**Data shown**

■ ■ ■ ■ ■ ■ ■

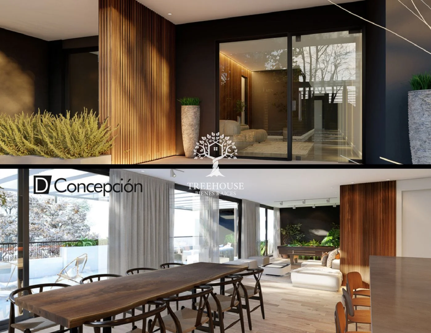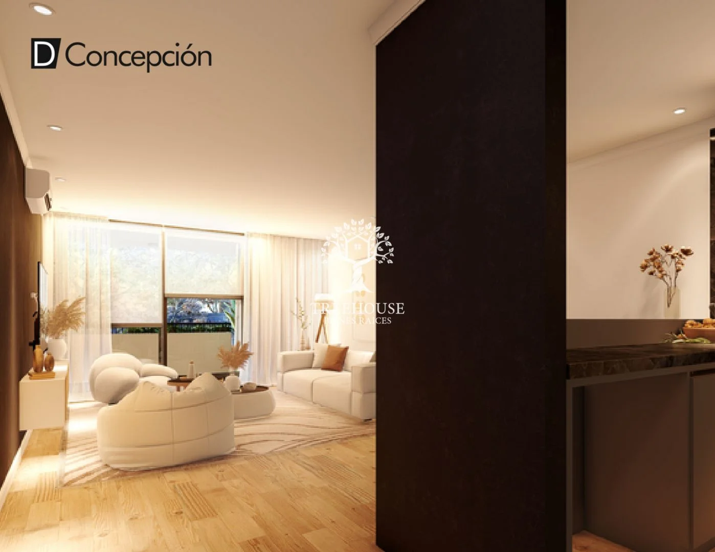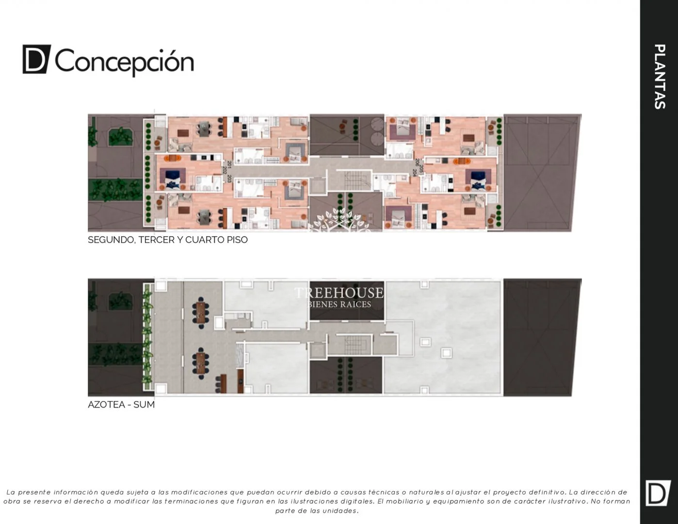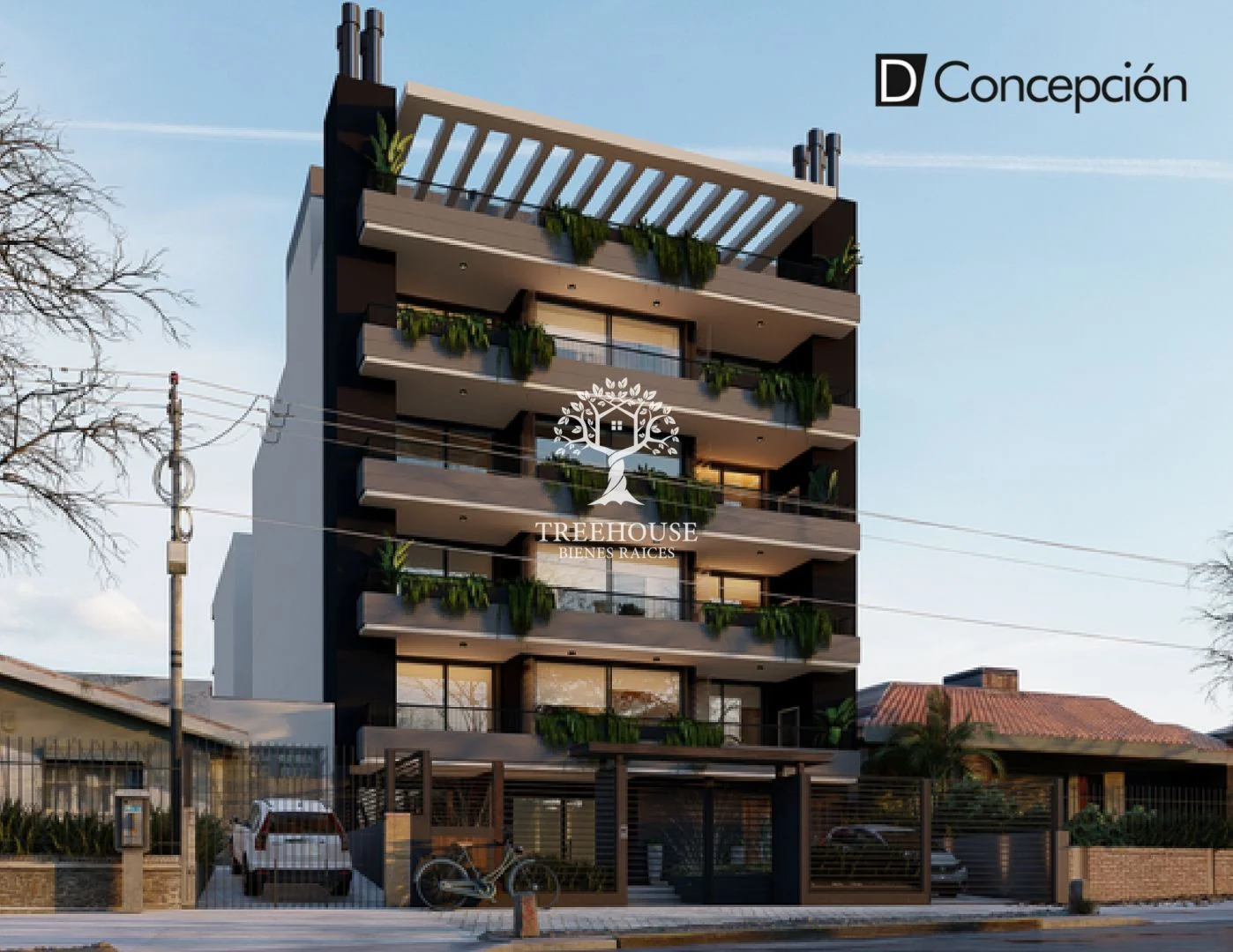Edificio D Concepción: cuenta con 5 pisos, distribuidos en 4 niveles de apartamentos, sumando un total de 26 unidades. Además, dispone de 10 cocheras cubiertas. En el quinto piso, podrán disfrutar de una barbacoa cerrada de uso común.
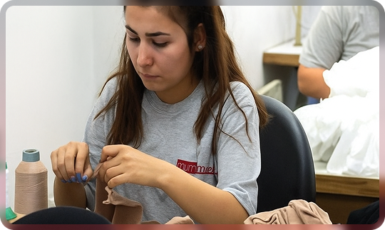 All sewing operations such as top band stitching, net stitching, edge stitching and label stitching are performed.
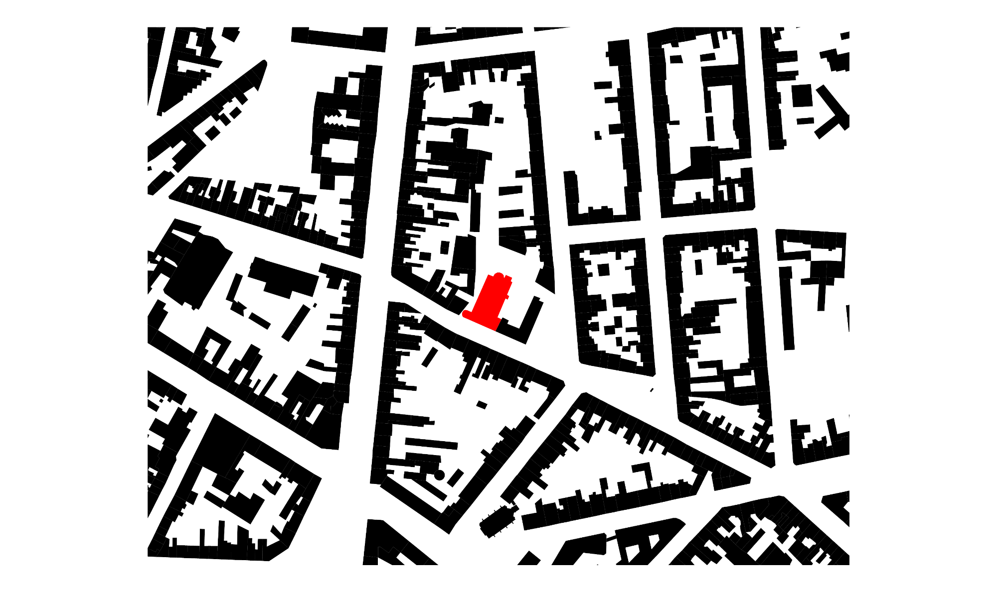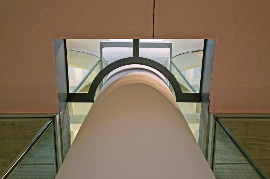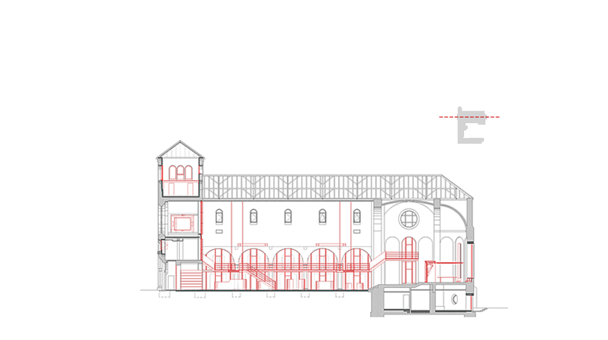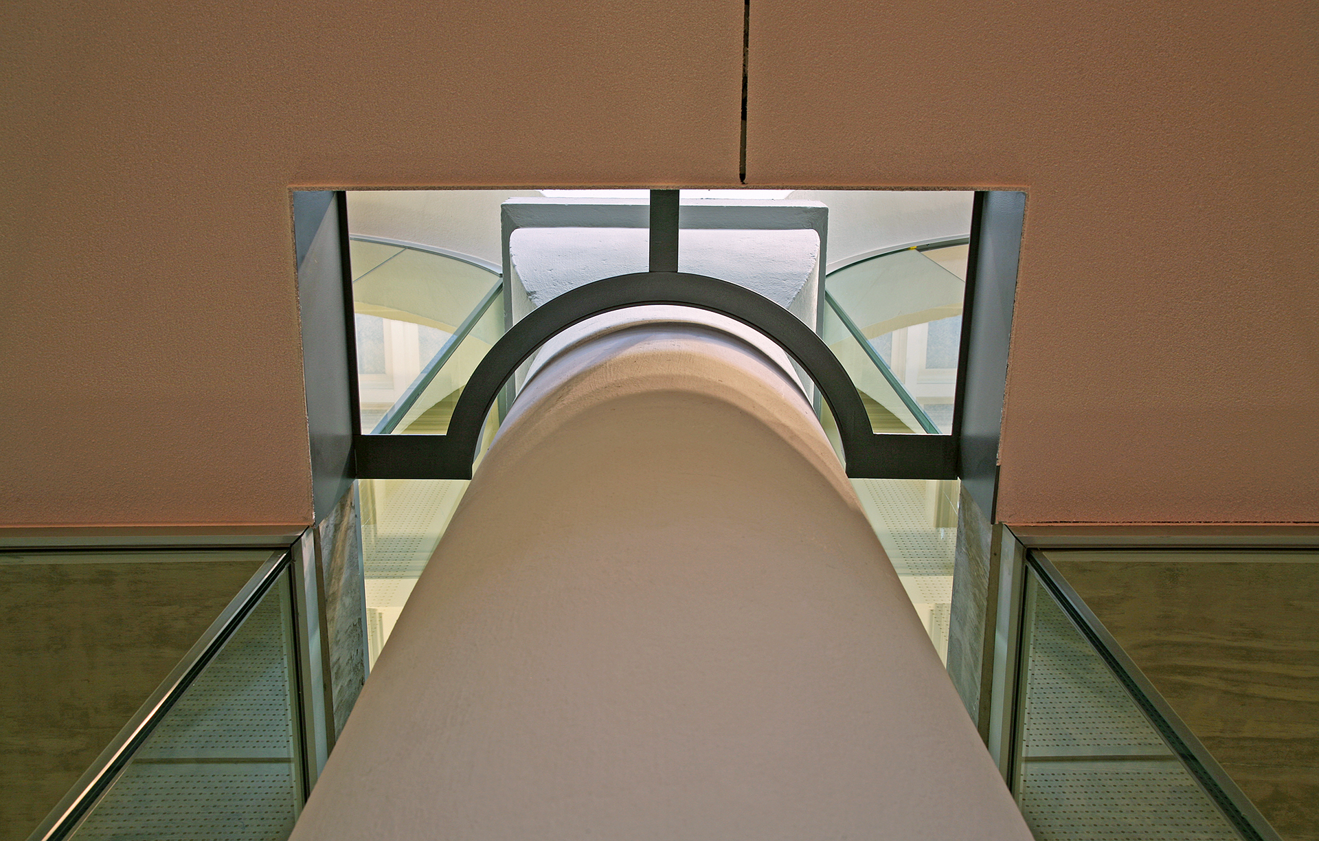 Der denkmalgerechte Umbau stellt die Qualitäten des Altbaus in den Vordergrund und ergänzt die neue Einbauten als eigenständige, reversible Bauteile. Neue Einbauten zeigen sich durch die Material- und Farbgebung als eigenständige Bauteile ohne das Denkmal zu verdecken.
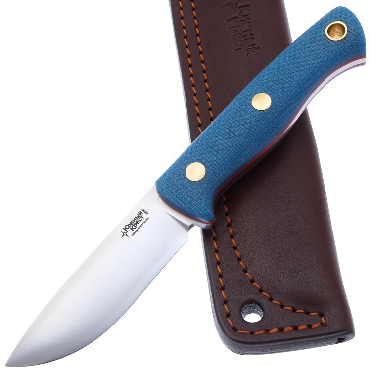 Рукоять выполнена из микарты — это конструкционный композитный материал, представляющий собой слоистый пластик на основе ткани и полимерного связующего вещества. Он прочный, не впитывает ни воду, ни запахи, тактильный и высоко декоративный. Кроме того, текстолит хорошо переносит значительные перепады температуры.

■ ■ ■ ■ ■ ■ ■

Emit the lines of the material exactly, from its first line to the line containing "All sewing operations", inclusive; leave every picture out.

Edificio D Concepción: cuenta con 5 pisos, distribuidos en 4 niveles de apartamentos, sumando un total de 26 unidades. Además, dispone de 10 cocheras cubiertas. En el quinto piso, podrán disfrutar de una barbacoa cerrada de uso común.
 All sewing operations such as top band stitching, net stitching, edge stitching and label stitching are performed.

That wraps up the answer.